MEETINGS AND ACTION OF CONFEREES

The rules of the House require that one conference meeting be open, unless the House, in open session, determines by a vote of the yeas and nays that a meeting will be closed to the public. When the report of the conference committee is read in the House, a point of order may be made that the conferees failed to comply with the House rule requiring an open conference meeting. If the point of order is sustained, the conference report is considered rejected by the House and a new conference is deemed to have been requested.

There are generally four forms of recommendations available to the conferees when reporting back to their bodies:

(1) The Senate recede from all (or certain of) its amendments.

(2) The House recede from its disagreement to all (or certain of) the Senate amendments and agree thereto.

(3) The House recede from its disagreement to all (or certain of) the Senate amendments and agree thereto with amendments.

 (4) The House recede from all (or certain of) its amendments to the Senate amendments or its amendments to Senate bill.

In most instances, the result of the conference is a compromise growing out of the third type of recommendation available to the conferees because one House has originally substituted its own bill to be considered as a single amendment. The complete report may be composed of any one or more of these recommendations with respect to the various amendments where there are numbered amendments.

In earlier practice, on general appropriation bills with numbered Senate amendments, because of the special rules preventing House conferees from agreeing to Senate amendments changing existing law or appropriations not authorized by law, the conferees often found themselves, under the rules or in fact, unable to reach an agreement with respect to one or more amendments and reported back a statement of their inability to agree on those particular amendments. These amendments were acted upon separately.
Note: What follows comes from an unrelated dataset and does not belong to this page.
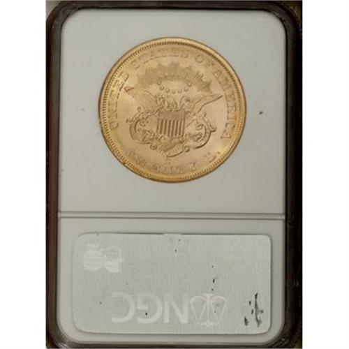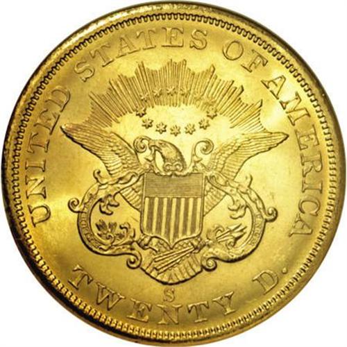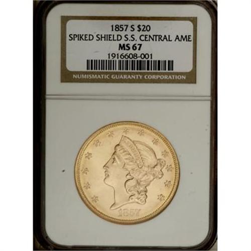 <B>1857-S $20 MS67 NGC.</B></I> Ex: <I>S.S. Central America. </B></I>It is difficult for modern-day collectors to envision how rudimentary--perhaps closer to nonexistent--the art of weather forecasting was in 1857. Needless to say, those considering an ocean voyage could not exactly turn on the television and get a week's worth of projections. What little weather forecasting was done for the seafaring public was a mixture of rudimentary science, old wives' tales, and guesswork. <BR> Q. David Bowers, in his <I>Guide Book of Double Eagle Gold Coins, </B></I>says that "few aboard the <I>S.S. Central America</B></I> in September 1857 knew or cared that travel in the Caribbean Sea and up the Atlantic Coast could be perilous ... . Hurricanes often struck without warning and with terrific force in the late summer season." It was perhaps even unknown that September is traditionally one the busiest months for hurricanes, and it is now known as "the Hurricane Month" among weather forecasters.<BR> And despite all the movie clichés of thieves and miscreants flailing wildly as they plunge to the depths, their soaking clothes overloaded with ill-gotten gains, there is nothing that devalues gold more quickly than the certain prospect of imminent drowning. Aboard the sinking ship, Bowers writes, "... a carpetbag filled with $16,500 in $20 gold pieces was too heavy to remove from a cabin, and Mrs. Jane Badger, who had packed it by emptying the coins from a trunk, left the golden array behind. Later, her husband, Capt. Thomas W. Badger, dumped the glittering coins from the bag onto the floor of the captain's stateroom. Several other men spread their coins about, amounting to an estimated several hundred thousand dollars' worth. Two ladies threw a further $10,000 worth of $20 gold pieces on the floor, but no one cared. Purses containing in some instances thousands of dollars in gold coins were left untouched on sofas."<BR> It is in this context that the Columbus-America Discovery Group, formed to seek the ship's grave and recover its treasure, undertook the monumental recovery of gold coins and other artifacts. The ship was rediscovered on September 11, 1987--almost exactly 130 years after the sea swallowed up the <I>Central America</B></I>. <BR> From the briny ocean depths, the 1857-S double eagle was the single issue most often found, to the extent of several thousand pieces, judging from the NGC/PCGS population data. But among all of those pieces and others recovered from the shipwreck of the <I>S.S. Republic,</B></I> there are only five examples of the 1857-S certified MS67 at NGC, with 11 pieces so graded at PCGS (12/07).<BR> The present coin is of the Spiked Shield variety, the most commonly found of the many different 1857-S variants constituting the <I>Central America</B></I> horde--but of course, in such an uncommon grade, this piece in essence becomes the ideal, tied-for-finest type coin to represent the fabled shipwreck and its equally legendary legacy. What first strikes the viewer is the roiling, swirling cartwheel luster present on the canary-yellow surfaces, which show a truly remarkable lack of abrasions of any size. Next one notices the full strike, which has completely delineated all the star centrils, the tiny individual strands of Liberty's hair, and all of the eagle's feathers. Of course, all of those individual attributes add up to enormous and memorable eye appeal, the most elusive numismatic criterion, but one that is present in spades on such a phenomenal treasure coin. <BR> Lastly, it must also be noted that this amazing coin is <I>among the finest Type One double eagles of any date, </B></I>as NGC and PCGS combined have certified only 16 pieces of the type in MS67.<BR> The current <I>Coin Dealer Newsletter </B></I>Bid price for the 1857-S is $90,250. Census: 5 in 67 (all varieties), 0 finer (12/07).<BR><BR><B>Coin Engraver:</B> James B. Longacre<BR><BR><b>Shipping:</b> Coins & Currency (<a target="_blank" href="http://www.heritageauctions.com/common/shipping.php">view shipping information</a>

This partial disagreement is not practicable where, as in current practice, the Senate strikes out all after the enacting clause and substitutes its own bill that must be considered as a single amendment. If they are unable to reach any agreement whatsoever, the conferees report that fact to their respective bodies and the amendments may be disposed of by motion. Usually, new conferees may be appointed in either or both Houses.
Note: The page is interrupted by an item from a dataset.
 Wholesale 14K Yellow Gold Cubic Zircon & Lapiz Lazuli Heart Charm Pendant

In addition, the Houses may provide a new nonbinding instruction to the conferees as to the position they are to take. After House conferees on any bill or resolution in conference between the two bodies have been appointed for 20 calendar days and 10 legislative days and have failed to make a report, a motion to instruct the House conferees, or discharge them and appoint new conferees is privileged. The motion can be made only after the Member announces his intention to offer the motion and only at a time designated by the Speaker in the legislative schedule of the following day. Like the initial motion to instruct, the 20-day motion may not contain argument and must remain within the scope of conference. In addition, during the last six days of a session, it is a privileged motion to move to discharge, appoint, or instruct House conferees after House conferees have been appointed 36 hours without having made a report.